Chaque région que l’on visite s’accompagne également de mécaniques de gameplay propres, avec les moyens du bord. Dans l’une d’entre elles, le joueur doit transporter une sorte de totem pour se protéger. Dans une autre, on prend part à une véritable course-poursuite avec des chiens fous. Sans détailler davantage pour ne pas gâcher la surprise, on a même des segments où l’on peut se défendre de certains esprits. On pense à l’usage d’un vieil appareil photo qui n’est pas sans rappeler Project Zero.
Ces situations davantage variées, et parfois inédites dans la série, modifient astucieusement le rythme et s’avèrent plus marquantes en fin de compte. Par ailleurs, le sentiment de linéarité que l’on pouvait considérer comme aliénant auparavant a aussi disparu. On peut effectivement chercher les objets dans l’ordre que l’on préfère. Mais comme dans les deux épisodes d’avant, il faut parfois tâtonner pour dévoiler la carte au fur et à mesure.

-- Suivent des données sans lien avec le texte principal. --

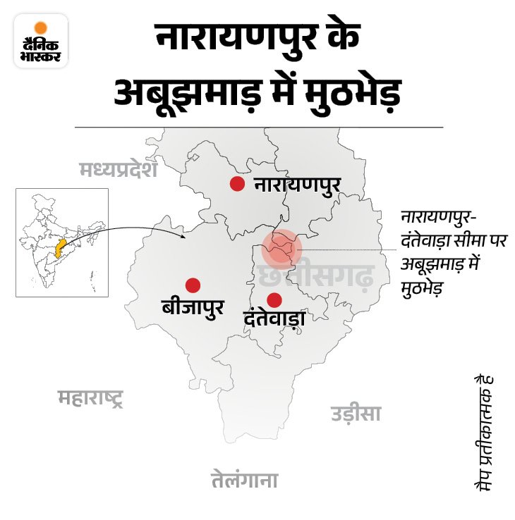 Sep 5, 2025 By Inder India News दंतेवाड़ा-नारायणपुर बॉर्डर पर एक महिला नक्सली ढेर: अबूझमाड़ के जंगलों में एनकाउंटर, DRG के जवानों ने घेरकर मारा, शव, राइफल और BGL लॉन्चर बरामद – Chhattisgarh News

Certaines barrières ne disparaissent qu’après avoir obtenu le bon objet, ou découvert une scène bien spécifique.
Faut-il avoir joué aux autre épisodes pour profiter de Yomawari: Lost in the Dark ?

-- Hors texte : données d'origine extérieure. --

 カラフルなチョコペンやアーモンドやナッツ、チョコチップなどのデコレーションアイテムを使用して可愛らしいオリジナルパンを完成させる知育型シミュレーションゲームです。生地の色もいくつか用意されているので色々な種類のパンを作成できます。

De ce fait, l’histoire est également mieux rythmée avec des souvenirs qui complètent la chronologie petit à petit. Mais le mystère ne se dévoile réellement qu’à la toute fin. Passé un certain point, on peut revoir les souvenirs de Yuzu sous un angle différent, pour comprendre tous les tenants et les aboutissants de Yomawari: Lost in the Dark. Et il faut admettre que l’intrigue est le meilleur moteur pour progresser, malgré les épreuves des plus démotivantes que les développeurs nous balancent à la figure. Pour notre part, il a fallu dix heures environ pour terminer le titre, en étant rester bloqué plus longtemps qu’il ne le faudrait sur certaines énigmes.
Et fort heureusement, il est possible de profiter de ce que l’on considère comme l’aboutissement de la série sans passer par les premiers épisodes. Si l’on conseillait de jouer à Yomawari: Night Alone avant Yomawari: Midnight Shadows, le troisième épisode ne partage aucun lien avec ses prédécesseurs.
Il conserve néanmoins leur direction artistique à couper le souffle. Ce troisième épisode est encore plus détaillé visuellement et de nombreux décors dérangent à cause de ce qu’ils transmettent. Le sound design est aussi soigné, avec un jeu de silence et d’ambiances exceptionnel. Les musiques sont rares, mais le thème principal est aussi émouvant que mémorable. On joue aussi à Yomawari pour cette réalisation quasi-maniaque dont Nippon Ichi Software a le secret. Et le sens du détail est tel que l’on accepte finalement volontiers de souffrir tant et tant devant sa beauté, on doit bien le reconnaître.
Notre avis | 7
Dans le fond comme dans la forme, Yomawari: Lost in the Dark est très semblable aux deux premiers épisodes. On retrouve son gameplay parfois excessivement brutal, mais aussi sa réalisation d’une finesse inouïe. Mais ce troisième épisode paraît surtout moins redondant parce que Nippon Ichi Software a varié les situations. En déplaçant l’action hors de la ville, on découvre de nouveaux environnements et même, à un degré moindre, de nouvelles façons de jouer. L’histoire agit en plus comme un moteur pour poursuivre ses efforts et lever le voile sur le mystère qui entoure Yuzu. Yomawari: Lost in the Dark nous apparaît donc comme l’épisode le plus abouti de la série. Il reste tout de même réservé aux joueurs qui n’ont pas peur de régulièrement perdre leurs nerfs.